What are some natural ways to help prevent anxiety from creeping in and derailing your day?
The number one way to manage anxiety is to allow it to exist. You don’t need to listen to what anxiety is telling you in order to let it be there and to not spend hours ruminating, searching the internet for answers, or seeking reassurance from loved ones. When negative emotions like anxiety or discomfort are not fed through behavior, they will naturally dissipate on their own. Lifestyle changes like meditation can be helpful, as can going on walks in nature or using healthy distraction like socializing or engaging in meaningful activities. Many find they are soothed by taking a bath or by reading a good book, really any activity that is meaningful and engaging will be helpful. Routines can be helpful as well, for example starting your day out with prayer or meditation or ending your day with an evening ritual. Going to therapy to manage the difficulties of daily life will also help your anxiety, as will building strong social support systems. Ultimately, the goal is not to get rid of anxiety, but to let it pass all on its own.
The goal is not to rid yourself of anxiety, rather you want to tolerate it and actually grow more acceptance around its presence.
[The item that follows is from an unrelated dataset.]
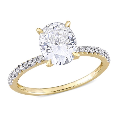 2.00 Carat (CTW) Created Moissanite Ovale Moissanite Solitaire Bague de fiançailles 14K Jaune Or avec diamants

Taking a few deep breaths and reminding yourself that, “not everything I think is true, not every thought that comes to my mind is automatically meaningful or urgent” is a good way to start. Recognize that anxiety is oftentimes a false alarm and that you don’t have to pay attention to everything that it says. Another strategy is to recognize the story your anxiety is saying and welcome it in, saying something like “oh there’s that story again about me screwing up the presentation!” or, “it’s the one about me not being lovable, I see you anxiety, you can’t fool me!”
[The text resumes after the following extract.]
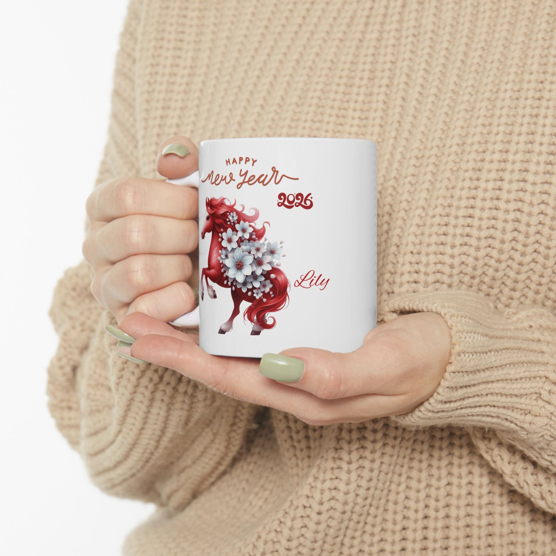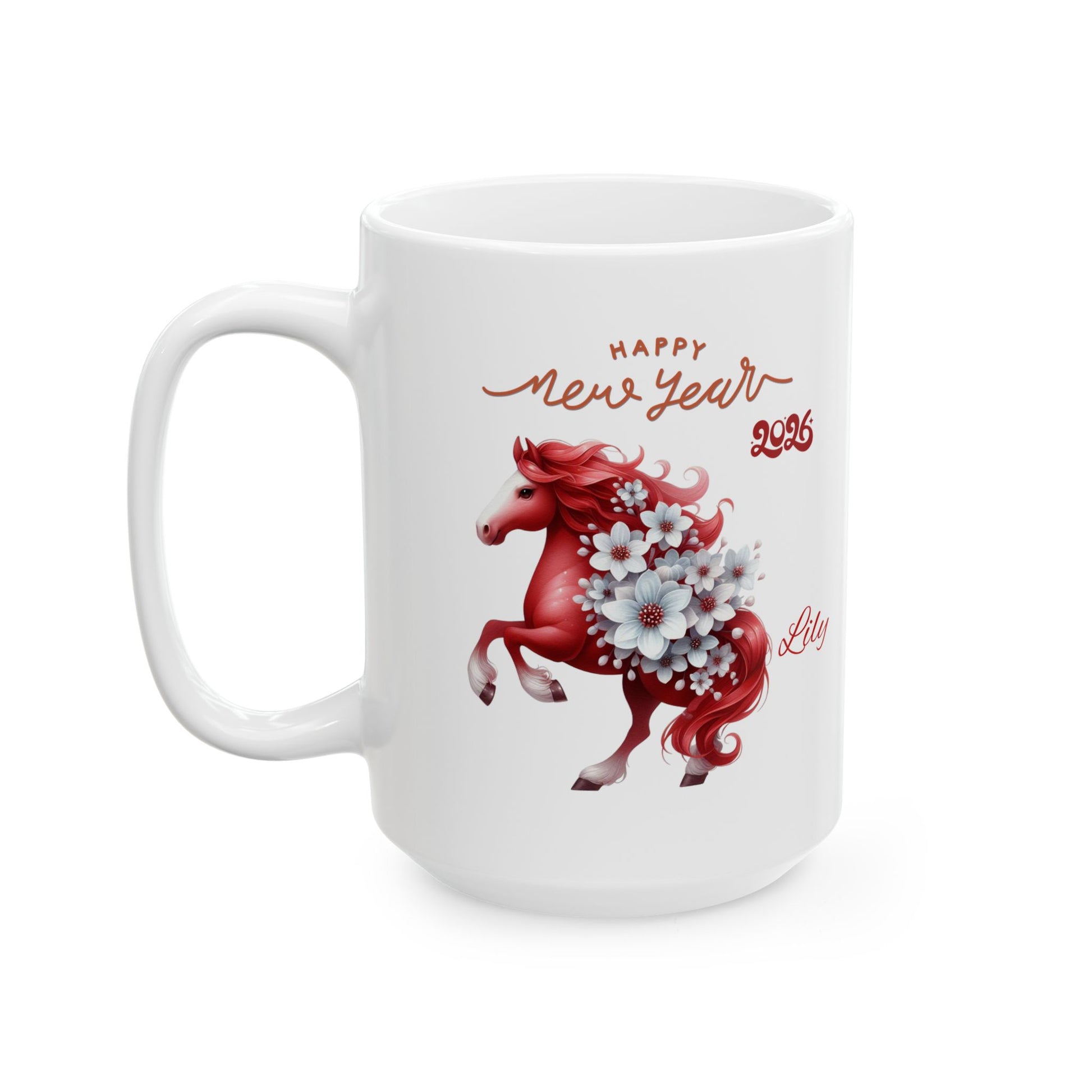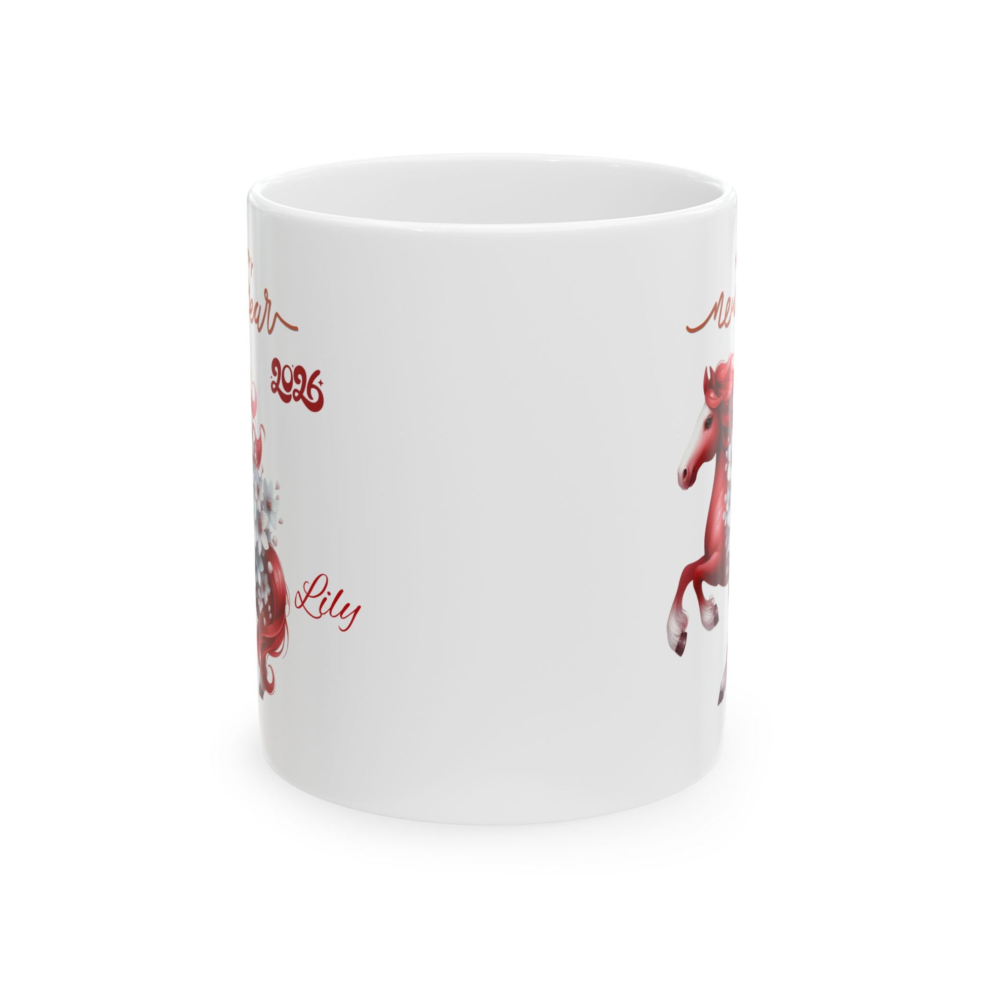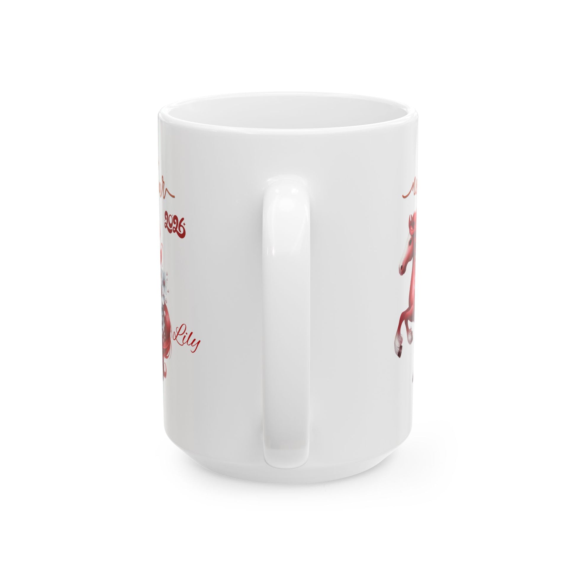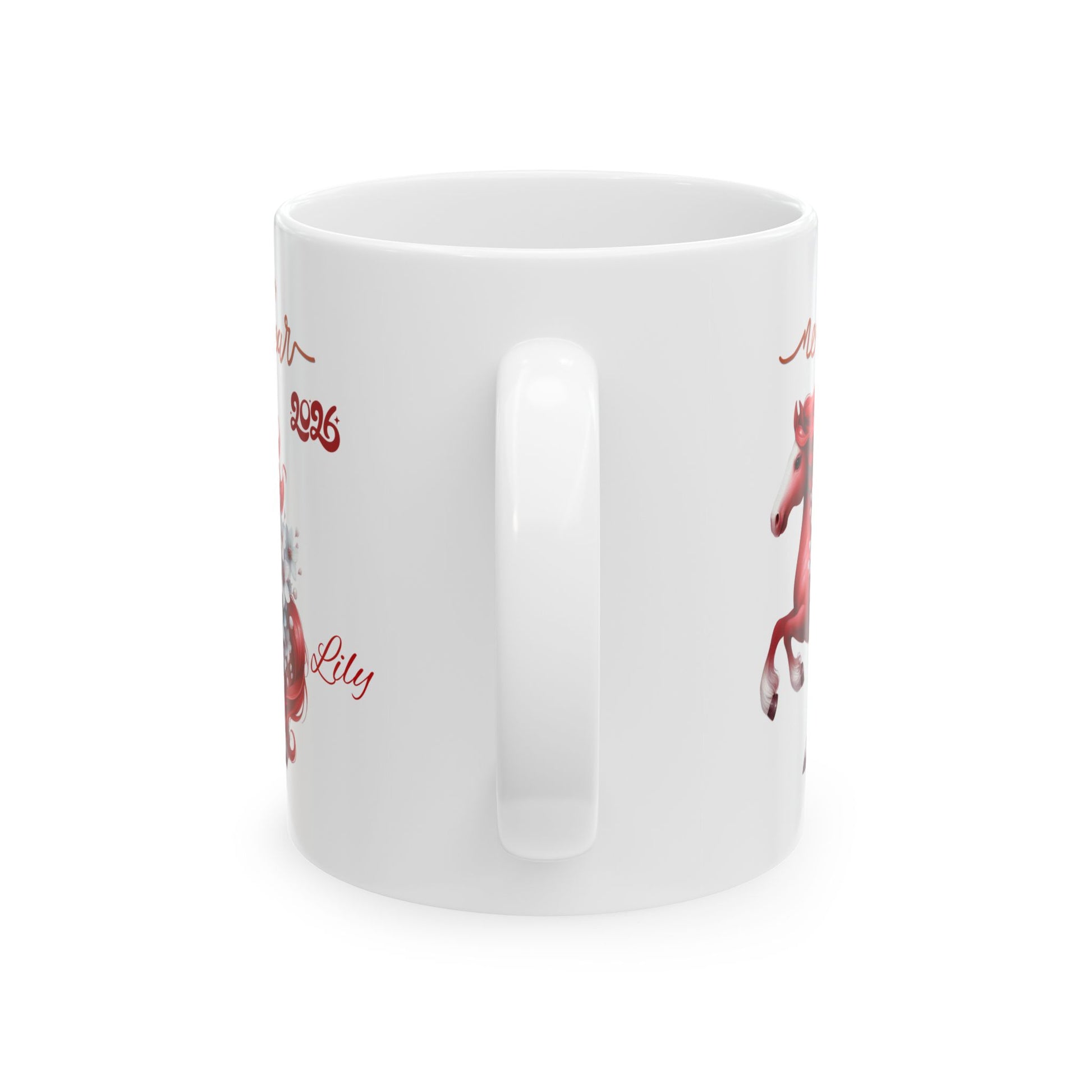 Personalized Red Unicorn Ceramic Mug — Custom Name & Birth Year Coffee Cup (11oz/15oz)

What are some common myths and misconceptions around GAD?
One common myth is that you can ‘just stop thinking about it’ or “just get over it.” Anxiety doesn’t work that way, you don’t let anxiety go, you let it be. Only when you allow anxiety to exist does it move through you and you will find relief. Other myths include the myth that GAD is all in your head and that you can choose not to have anxiety or excessive worry. Anxiety disorders are not a choice and they are not caused by anything that you did in your life–often they are the product of biology as well as upbringing, and they are not your fault.
Another myth is that anxiety makes you abnormal or that something is wrong with you if you have anxiety. Anxiety is a normal part of every human experience and is not problematic in and of itself, it’s the brain’s way of trying to keep you safe and alive. It is only when anxiety becomes excessive and gets in the way of your quality of life that it warrants a diagnosis.
What types of professional treatment can be successful for someone suffering from GAD?
The gold standard of treatment for GAD and other anxiety disorders is cognitive behavioral therapy (CBT) with exposure and response prevention (ERP). These approaches work to challenge faulty thinking and provide tools to manage anxiety spirals when they show up. They also work to decrease behaviors that feed into anxiety and make it worse, such as avoidance of feared places or people, or excessive answer seeking or googling. There is absolutely help for those struggling with GAD, oftentimes the hardest part is taking the first step.